Soldier’s Heart or Effort Syndrome
Soldier’s Heart or Effort Syndrome: Following observations of American Civil War soldiers who exhibited “a form of cardiac palpitation … very rarely met with in civil practice,” J. M. Da Costa and other Philadelphia physicians identified a cardiac phenomenon which he termed “irritable heart.” Known also as “soldier’s heart” or “effort syndrome”, this phenomenon was another ailment commonly seen in World War I. Arthur Hurst stated that it “may be associated with prolonged mental strain and insufficient sleep, on a heart and nervous system weakened by the action of some form of toxaemia.” The toxemia could be associated with a number of different diseases, including typhoid fever, jaundice, trench fever, and dysentery, but Hurst also theorized that excessive smoking could be a contributing factor. The fever or toxemia weakens the system and exercise then leads to breathlessness, exhaustion, heart palpitations, and cold extremities. Rest and moderate exercise provided the best relief. Over 36,000 soldiers were discharged during the war from “heart disease” but many of these cases were not due to any organic defect but some form of effort syndrome.
War Nephritis: The Civil War saw an outbreak of cases of acute nephritis, and the frequency of cases during World War I prompted Arthur Hurst to identify a “war nephritis”, probably due to some specific infection. The disease was only mildly contagious and manifested itself by edema, severe headache, vertigo, and breathlessness. Rest and diet were the recommended treatments. The disease rarely caused death, though recovery could be a matter of weeks to months. Hurst speculated that “it is not a specific disease, but is a form of nephritis occurring among soldiers and presenting certain unusual features as a result of the very different conditions of life of a war-worn soldier.”

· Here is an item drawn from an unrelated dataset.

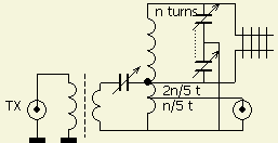 In practical use this tuner adjusts more than originally intended. It is just a matter of playing with both capacitors or connections. You have to find out and experience for yourself. An example of how it is possible is the adaptation of a wire antenna as shown opposite. The tap with the best adjustment must be determined experimentally. If you always use the same antenna, it only needs to be done once. It is also possible that an adjustment is successful by connecting the antenna directly to one of the taps.
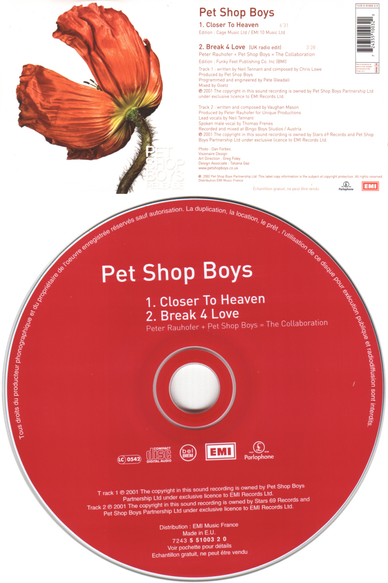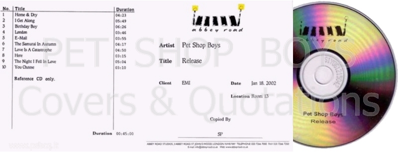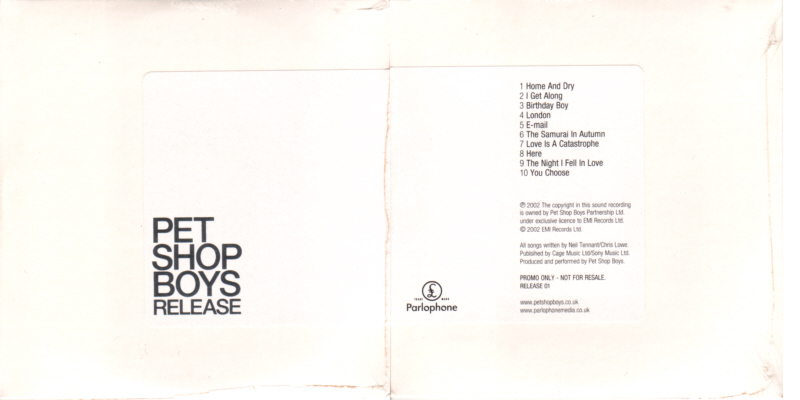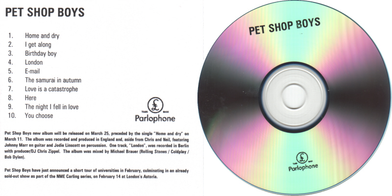 CD-R: 2002 UK (Parlophone; n/a) [silver 10th Planet CD-R w/promo sheet; titled "Pet Shop Boys-Release"]

April 1915 saw the first use of chlorine as a poison gas leading to asphyxiation at Ypres. There were over 15,000 casualties, a third of those fatal. The attack prompted the quick issue of respirators to soldiers. There were two subsequent chlorine gas attacks in 1915, and phosgene was also used. Gas shells were then introduced in 1916, and shells with mustard gas, the most effective of the chemical weapons, first appeared in 1917. Gas poisoning manifested itself by eye and throat irritation, coughing, vomiting, and headache and could lead to bronchitis and pneumonia. Many soldiers recovered from gassing but could suffer permanent lung damage, and, in the case of mustard gas, eye damage. Arthur Hurst records over 160,000 cases of gassed soldiers treated at casualty clearing stations of the British Expeditionary Force.
Major George A. Soper of the U.S. Army, in a 1919 article in The Military Surgeon, reviewed statistical information on the experience of diseases among American troops in 1918 and concluded that:
"The large amount of sickness, which customarily occurs when large numbers of green troops are rapidly mobilized, has not been wholly avoided in this war. The intestinal diseases and malarial infections, which in former wars constituted so conspicuous a cause of disability and death, were practically eliminated. The sickness has been confined almost exclusively to the respiratory type of infections. A large part of the respiratory disease was connected with epidemics, of which the influenza outbreaks which occurred in the spring and early fall were the most conspicuous examples. It is probable that had it not been for the pandemic the death rate would have been little more than one-third of the rate recorded."